> [Task details] In the entries that follow, find the line containing "Coin pearl earrings" and the line containing "Siyah kapüşonlu, yuvarlak", then copy exactly everything from the first through the second except the pictures.

======

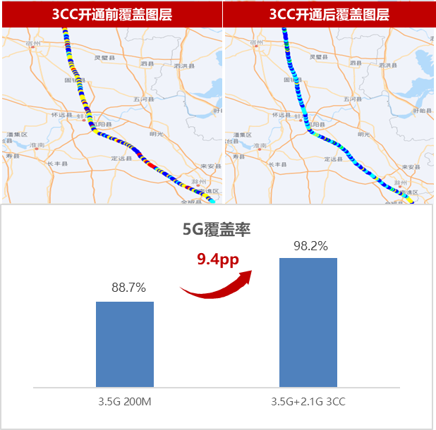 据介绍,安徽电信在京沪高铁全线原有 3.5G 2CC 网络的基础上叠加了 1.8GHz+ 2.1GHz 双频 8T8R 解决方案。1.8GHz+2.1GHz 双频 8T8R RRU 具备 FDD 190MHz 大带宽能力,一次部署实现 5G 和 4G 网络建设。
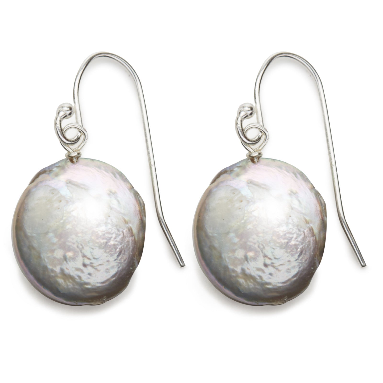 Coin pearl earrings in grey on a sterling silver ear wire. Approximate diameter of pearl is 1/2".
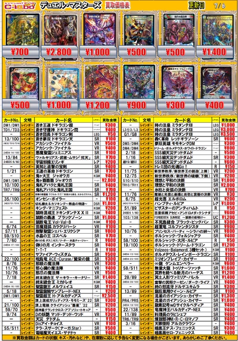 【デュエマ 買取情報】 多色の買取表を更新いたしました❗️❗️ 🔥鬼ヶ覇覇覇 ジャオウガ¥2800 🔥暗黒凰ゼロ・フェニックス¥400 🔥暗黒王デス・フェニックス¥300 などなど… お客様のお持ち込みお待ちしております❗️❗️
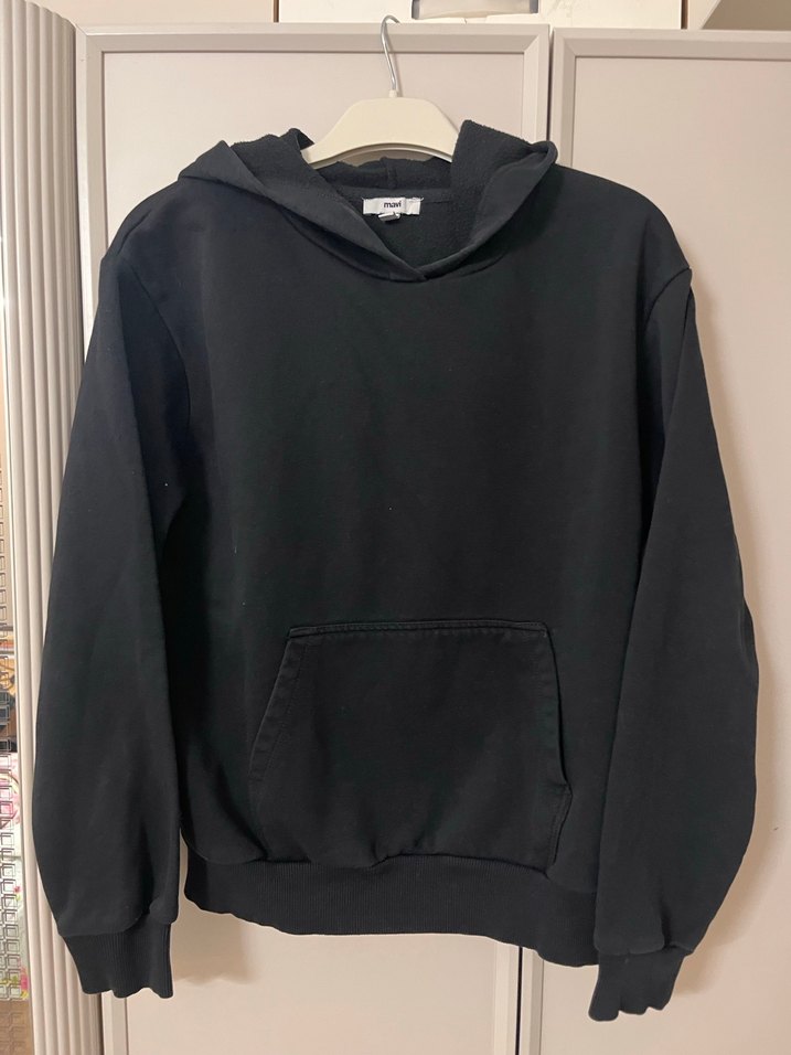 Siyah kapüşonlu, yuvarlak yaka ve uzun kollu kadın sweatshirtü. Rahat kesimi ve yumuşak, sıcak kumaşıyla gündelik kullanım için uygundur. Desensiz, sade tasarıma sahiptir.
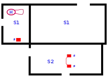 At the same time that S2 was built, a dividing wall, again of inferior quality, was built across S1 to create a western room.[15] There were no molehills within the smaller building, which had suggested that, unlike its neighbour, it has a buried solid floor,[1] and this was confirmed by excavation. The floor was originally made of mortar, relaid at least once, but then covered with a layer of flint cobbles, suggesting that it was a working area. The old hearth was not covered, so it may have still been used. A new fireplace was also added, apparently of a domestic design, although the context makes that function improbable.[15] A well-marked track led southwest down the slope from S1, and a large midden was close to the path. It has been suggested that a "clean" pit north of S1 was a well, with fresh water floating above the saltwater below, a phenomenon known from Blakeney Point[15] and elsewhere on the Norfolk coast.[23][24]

======

> [Response]
 Coin pearl earrings in grey on a sterling silver ear wire. Approximate diameter of pearl is 1/2".
 【デュエマ 買取情報】 多色の買取表を更新いたしました❗️❗️ 🔥鬼ヶ覇覇覇 ジャオウガ¥2800 🔥暗黒凰ゼロ・フェニックス¥400 🔥暗黒王デス・フェニックス¥300 などなど… お客様のお持ち込みお待ちしております❗️❗️
 Siyah kapüşonlu, yuvarlak yaka ve uzun kollu kadın sweatshirtü. Rahat kesimi ve yumuşak, sıcak kumaşıyla gündelik kullanım için uygundur. Desensiz, sade tasarıma sahiptir.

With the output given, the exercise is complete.